After the pre-processing above, we count all the category of the first article that people choose. The result is shown as below:

Besides counting the number of clicking on the first articles, we also include the number of articles in each category in the picture. We consider that the article number in one category will also influence people’s clicking behavior and the normalization is necessary. For example, the clicking on articles belongs to Science is 13672 times while the amount of articles in this category is also large (1122 articles). As a consequence, we calculate the ratio of each category and draw the statistical diagram again.

From the above results, we draw to the conclusion that people tend to select articles belong to category Countries and Geography in their first step.

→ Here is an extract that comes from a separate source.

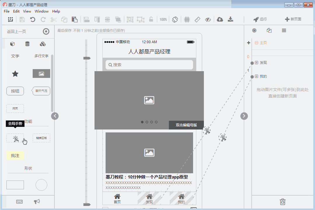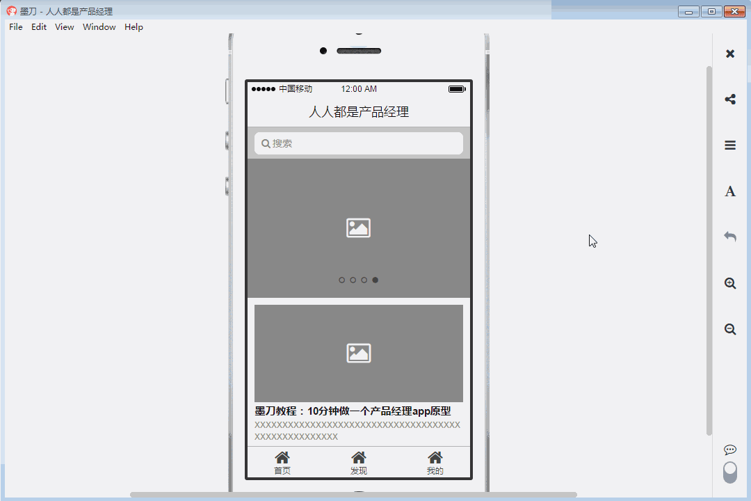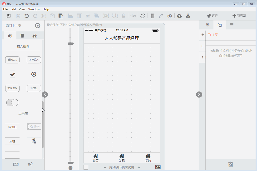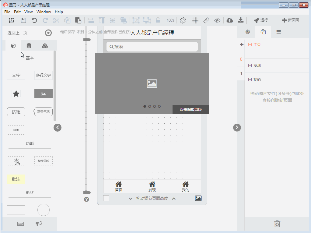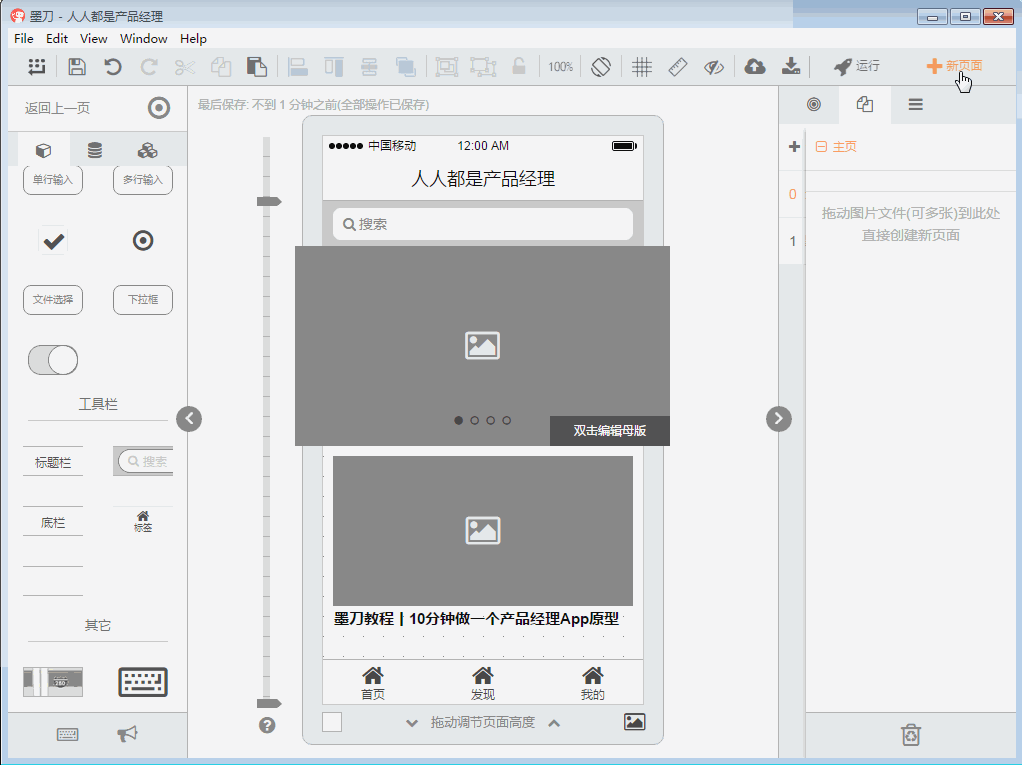 然后我们开始简单的制作下“产品经理”的首页原型,在左侧的“组件”栏目中找到搜索组件,拖入App首页中,在“母版”栏目中找到轮播图模版,拖入应用之中。墨刀中有一些已经做好的组件或母版,可直接拖入使用,加快创建原型的时间。

The ratio is far larger than the other categories. We speculate the reason is that people are more familiar with the Countries and Geography information of the target words. It is a general approach of getting closer to the destination via moving to articles that have similar geographic location and country information. Take the word “panda” for instance. When people are required to navigate to this target, people should first click to articles that include China or Asia elements. Hence, the Countries and Geography information could help people step closer to their target quickly which leads to the high ratio results of category Countries and Geography in the above diagram. And this is a possible linking pattern exist in the game.

Which path pair occurs the highest times in all paths?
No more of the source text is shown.